Pour cette FW26, les mannequins semblent s’être habillées à contrecœur, à la hâte, avec pour seul objectif de sortir de chez elles avec quelque chose sur le dos, peu importe si ce n’est plus à la bonne taille ou si les proportions ne sont pas flatteuses. C’est assurément une collection Miu Miu, mais cette fois se dégage du travail de Miuccia Prada et de la styliste Lotta Volkova une aura de tristesse et de désintérêt assez lourde. Autrefois, la marque amusait les nouvelles générations et captivait les intellectuels plus âgés avec des jupes de plus en plus courtes et le renversement de la perception commune de l’uniforme de travail ; aujourd’hui, ce que l’on voit sur le podium est une femme mélancolique, visiblement fatiguée, qui regrette les années 90 et cherche à les retrouver dans son dressing.

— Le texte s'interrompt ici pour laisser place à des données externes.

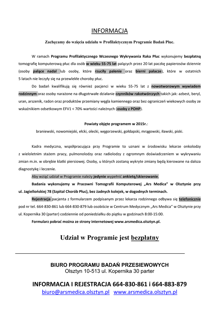 INFORMACJA Zachęcamy do wzięcia udziału w Profilaktycznym Programie Badań Płuc. W ramach Programu Profilaktycznego Wczesnego Wykrywania Raka Płuc wykonujemy bezpłatną tomografię komputerową płuc dla osób w wieku 55-75 lat palących przez 20 lat paczkę papierosów dziennie (osoby palące nadal lub osoby, które rzuciły palenie oraz bierni palacze), które w ostatnich 5 latach nie leczyły się na przewlekłe choroby płuc. Do badao kwalifikują się również pacjenci w wieku 55-75 lat z nowotworowym wywiadem rodzinnym oraz osoby narażone na długotrwałe działanie czynników rakotwórczych takich jak: azbest, beryl, uran, arszenik, radon oraz produktów przemiany węgla kamiennego oraz bez ograniczeo wiekowych osoby ze wskaźnikiem odsetkowym EFV1 < 70% wartości należnych (osoby z POHP). Powiaty objęte programem w 2015r.: braniewski, nowomiejski, ełcki, olecki, węgorzewski, gołdapski, mrągowski, iławski, piski. Kadra medyczna, współpracująca przy Programie to uznani w środowisku lekarze onkolodzy z wieloletnim stażem pracy, pulmonolodzy oraz radiolodzy z ogromnym doświadczeniem w wykrywaniu zmian m.in. w obrębie klatki piersiowej. Osoby, u których zostaną wykryte zmiany będą kierowane na dalsza diagnostykę i leczenie. Aby wziąd udział w Programie należy jedynie wypełnid ankietę/skierowanie. Badania wykonujemy w Pracowni Tomografii Komputerowej „Ars Medica” w Olsztynie przy ul. Jagiellooskiej 78 (Szpital Chorób Płuc), bez żadnych kolejek, w dogodnych terminach. Rejestracja pacjenta z formularzem podpisanym przez lekarza rodzinnego odbywa się telefonicznie pod nr tel. 664-830-861 lub 664-830-879 lub osobiście w Centrum Medycznym „Ars Medica“ w Olsztynie przy ul. Kopernika 30 (parter) codziennie od poniedziałku do piątku w godzinach 8:00-15:00. Formularz pobrad można ze strony internetowej www.arsmedica.olsztyn.pl. Udział w Programie jest bezpłatny BIURO PROGRAMU BADAŃ PRZESIEWOWYCH Olsztyn 10-513 ul. Kopernika 30 parter INFORMACJA I REJESTRACJA 664-830-861 i 664-883-879 [email protected] www.arsmedica.olsztyn.pl
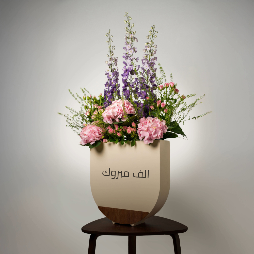 A bouquet that contains roses, hydrangeas and delphiniums.
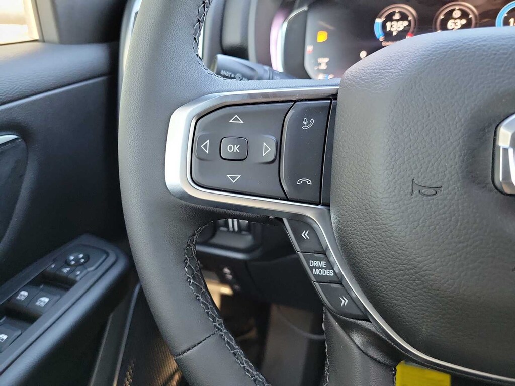 BIG HORN LEVEL 2 EQUIPMENT GROUP SiriusXM Radio Service, Power Adjustable Pedals, Leather Wrapped Steering Wheel, 12 Touchscreen Display, Glove Box Lamp, Auto Power-Folding Mirrors, 115V Auxiliary Rear Power Outlet, Media Hub w/2 Charge Only USBs, Heated Front Seats, Security Alarm, Black Premium Power Mirrors, Premium Overhead Console, 9 Amplified Speakers w/Subwoofer, Disassociated Touchscreen Display, Secondary Active Grille Shutters, Wireless Charging Pad, Body Color Fender Flares, Remote Tailgate Release, 115V Auxiliary Power Outlet, LED Dome Lamp w/On/Off Switch, Universal Garage Door Opener, 2nd Row In Floor Storage Bins, Sun Visors w/Illuminated Vanity Mirrors, LED Footwell Lighting, Rear Window Defroster, Rear View Auto Dim Mirror, Rear Power Sliding Window, GPS Navigation, NIGHT EDITION Tires: 275/55R20 OWL All Season, Bridgestone Brand Tires, Accent Color Premium Power Mirrors, Exterior Mirrors w/Supplemental Signals, Black Headlamp Bezels, Exterior Mirrors Courtesy Lamps, Grille Black Surround Black Mesh, Auto Power-Folding Mirrors, Wheels: 20 x 9.0 Aluminum Painted Clad, Auto Dim Exterior Driver Mirror, Black Exterior Truck Badging, Anti-Spin Differential Rear Axle, Accent Color Door Handles, Accent Color Tailgate Handle, Black Interior Accents, Dual Exhaust w/Black Tips, Body Color Front Bumper, Body Color Rear Bumper w/Step Pads, Black Tail Lamp Bezels, RAM Grille Badge - Black, Black Painted Exterior Mirrors Caps, BED UTILITY GROUP MOPAR Spray In Bedliner, MOPAR 4 Adjustable Cargo Tie-Down Hooks, Pick-Up Box Lighting, Exterior 115V AC Outlet, TRANSMISSION: 8-SPEED AUTOMATIC (8HP75), ENGINE: 5.7L V8 HEMI MDS VVT ETORQUE Active Noise Control System, Heavy Duty Engine Cooling, Passive Tuned Mass Damper, GVWR: 7,100 lbs, Dual Rear Exhaust w/Bright Tips, G/T Exhaust, 18 Aluminum Spare Wheel, 33 Gallon Fuel Tank, DUAL-PANE PANORAMIC SUNROOF Dome Dual LED Reading Lamp. Ram Big Horn with Bright White Clearcoat exterior and Black interior features a 8 Cylinder Engine with 305 HP at 6400 RPM*.

Cette fois, Miu Miu ne semble pas se demander ce que signifient réellement le bon goût, le luxe ou la mode. Elle s’interroge plutôt sur ce que signifie créer des vêtements dans un monde qui semble se désagréger. Que désire aujourd’hui le consommateur, si ce n’est se sentir protégé et enveloppé dans un lourd manteau ? Et que recherchent les créateurs, si ce n’est cette concentration et cette énergie artistique qui semblaient si vivantes il y a trente ans ? Au-delà des robes à paillettes commerciales et des ensembles en cuir, Miu Miu semble nous dire une chose simple : la mode n’est rien d’autre qu’une garde-robe. La vie, la vraie, se passe avant et après le moment où l’on s’habille.